Historic district in New Mexico, United States

The Barrio de Analco Historic District is a National Historic Landmark District centered at the junction of East De Vargas Street and Old Santa Fe Trail in Santa Fe, New Mexico. The seven buildings of the district represent one of the oldest clusters of what were basically working-class or lower-class residences in North America, and are in a cross-section of pre-statehood architectural styles. It includes two of the oldest colonial-era buildings in the southwest, the San Miguel Mission church (1710), and the "Oldest House", built in 1620 and now a museum. The district was declared a National Historic Landmark in 1968.

==History==
The name "Analco" comes from the Nahuatl language spoken by the Tlaxcalan people from the state of Tlaxcala in central Mexico. The Tlaxcalans were enemies of the Aztec Empire and joined the Spanish invaders in conquering the Aztecs in 1521. As allies, they received favorable treatment and privileges from the Spanish including in perpetuity a large degree of self government, freedom from payment of taxes, and recognition as "hidalgos" (gentlemen). In exchange, the Tlaxcalans assisted the Spanish in settling and pacifying the distant parts of New Spain (Mexico). The word Analco in Nahua means "the other side of the river". The Tlaxcalans and other Native Americans (Indians) allied with the Spanish lived on the south side of the Santa Fe River while the seat of government and most Spaniards resided on the northern side of the river.
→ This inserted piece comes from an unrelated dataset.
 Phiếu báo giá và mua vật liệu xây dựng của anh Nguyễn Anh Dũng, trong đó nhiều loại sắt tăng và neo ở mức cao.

Tlaxcalans and other Mexican Indians were among the founders of Santa Fe in 1609, but the first mention of the Barrio ("neighborhood") de Analco is not until 1630 when Fray Alonso de Benavides said that Santa Fe had a population of 700 Indians, most of whom lived in the Barrio de Analco. Three hundred Spaniards also lived in Santa Fe. In 1680, the indigenous Puebloans expelled the Spanish and their Indian allies from New Mexico. Although the Spanish and some of the Indians returned in 1692, most of the Tlaxcalans remained in El Paso. The last mention of the Tlaxcalans in Barrio de Analco is in 1728. By that time they were assimilated into the Spanish and Indian population of New Mexico. In the 18th and 19th centuries, the residents of Barrio de Analco were married enlisted soldiers, artisans, servants, merchants, and genizaros, acculturated Plains Indians, many of them former slaves of the Spanish, who had lost their tribal identities.
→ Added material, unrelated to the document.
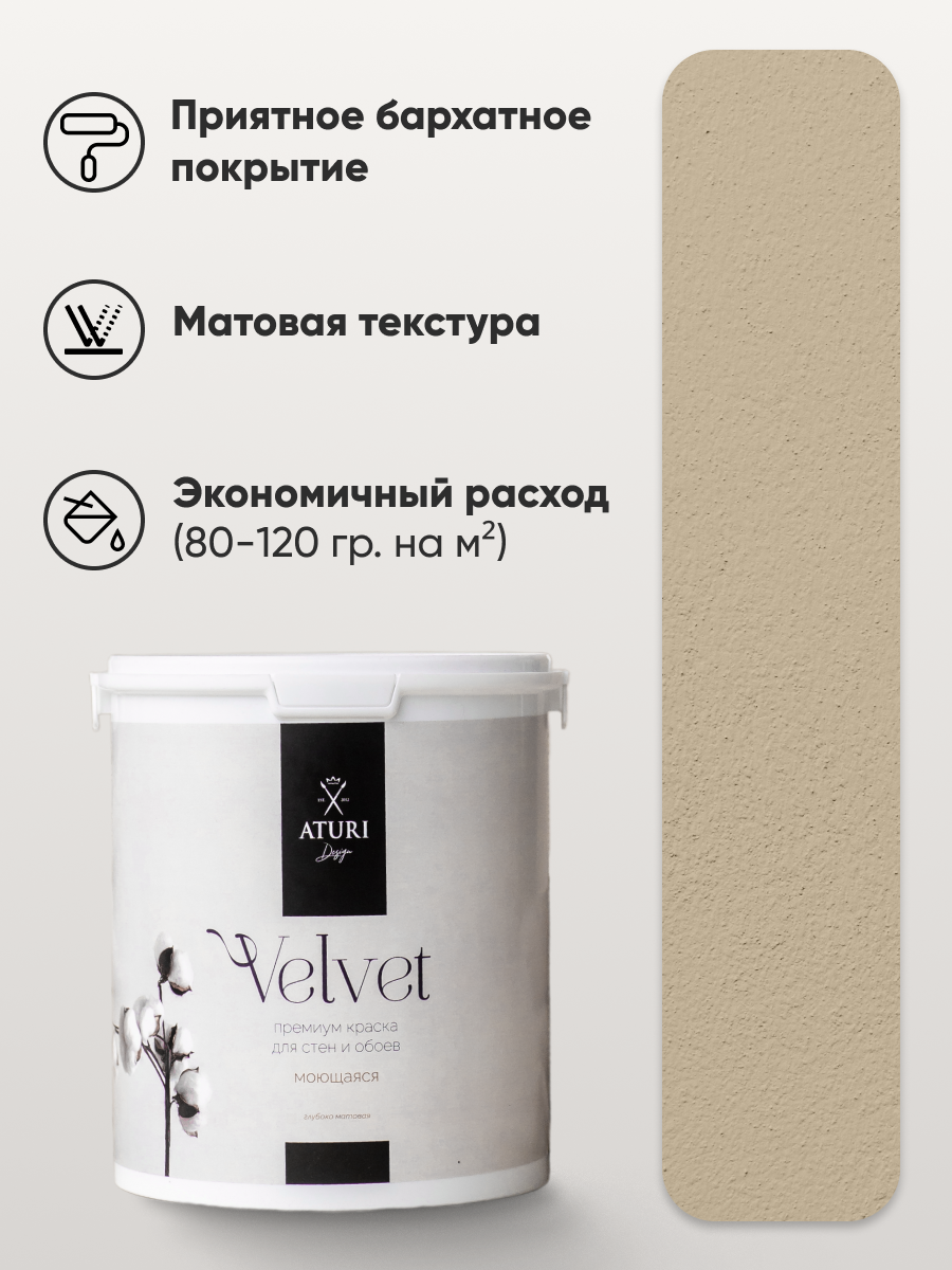 Краска для стен и обоев Aturi Design Velvet Цвет: Жемчужный бархат, бежевая 1,4 кг. интерьерная, без запаха, матовая 2 129 ₽

New Mexico was conquered and annexed by the United States in the 1840s and the Americans introduced their own architectural styles and innovations which are also represented in the historic district.

==Description==
The Barrio de Analco is located on the south side of the Santa Fe River, across the river from the main downtown area that includes the Santa Fe Plaza and the Palace of the Governors. The district is anchored at the junction of Old Santa Fe Trail and East De Vargas Street, and extends a short way (partial blocks) to the south, east and west. The San Miguel Mission church, on a site occupied by a church since the 1610s, is at the southeast corner, and the 1620 "Oldest House", a two-story adobe construction, is at the northeast corner. South of the mission is the Lamy Building, also known as St. Michael's Dormitory, an 1878 school building that exemplifies the Territorial style that was common in the pre-statehood era.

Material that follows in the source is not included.